SPOILING TIBET by Gabriel Lafitte
Reviewed by Sudhirendar Sharma, Development Analyst and Columnist, New Delhi, India
Spoiling Tibet, by Gabriel Lafitte, Zed Books, 2014
If current geological estimations are any indication, there are 80 million tonnes of copper, 2,000 tonnes of gold and 30 million tonnes of lead and zinc extractable from the Tibetan plateau. The cumulative value of these recoverable metals is US$ 420 billion. To imagine that the Chinese would have ripped apart the rooftop to the world in search of an embedded fortune is far from true because, as things stand, the region is cold, its air is perilously thin, its people are unwelcoming and it is poor in infrastructure.

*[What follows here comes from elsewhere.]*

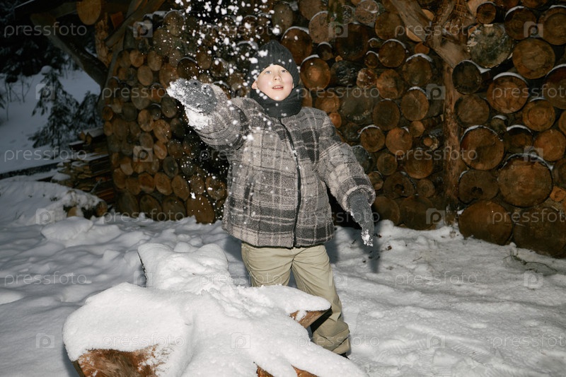 Играя со снегом на открытом воздухе в зимний период возле мальчика с заложенным дровами

But all this is to going to change as China’s 12th Five-Year Plan, ending in 2015, calls for massive investment in copper, gold, silver, chromium and molybdenum mining in the region. With an aim to achieve 30 per cent self-sufficiency in copper production by the end of the plan period, a state-driven agglomeration of the entire Chinese copper industry will be sufficiently capitalized to finance major expansions in Tibet, which is fast becoming China’s new copper production base. The Tibetan plateau – almost one-sixtieth of the entire global landscape – will be the object of intensive and potentially devastating mining and extraction projects in the years ahead. The signs are ominous!
Without a doubt, Gabriel Lafitte has profound knowledge about this landscape, its people and their cultural resistance. They want to protect the inner strengths of Tibet, cultivated in solitude in the mountains. Given the ecological fragility of the region, mining activities in the watersheds of major rivers, most of which are transboundary, will have a serious impact on hundreds of millions of people downstream in South and South East Asia. China’s track record on environmental concerns evokes little confidence.
Spoiling Tibet is a timely warning to the world about China’s hunger for mineral wealth, and the unscrupulous manner in which this wealth may well be extracted. In the Chinese growth agenda, mining plays a major role, one that will silence the feeble voices of resistance by increasing the non-Tibetan population in the region through mass tourism. But given its global implications, the world should not permit unilateral desecration of its roof top!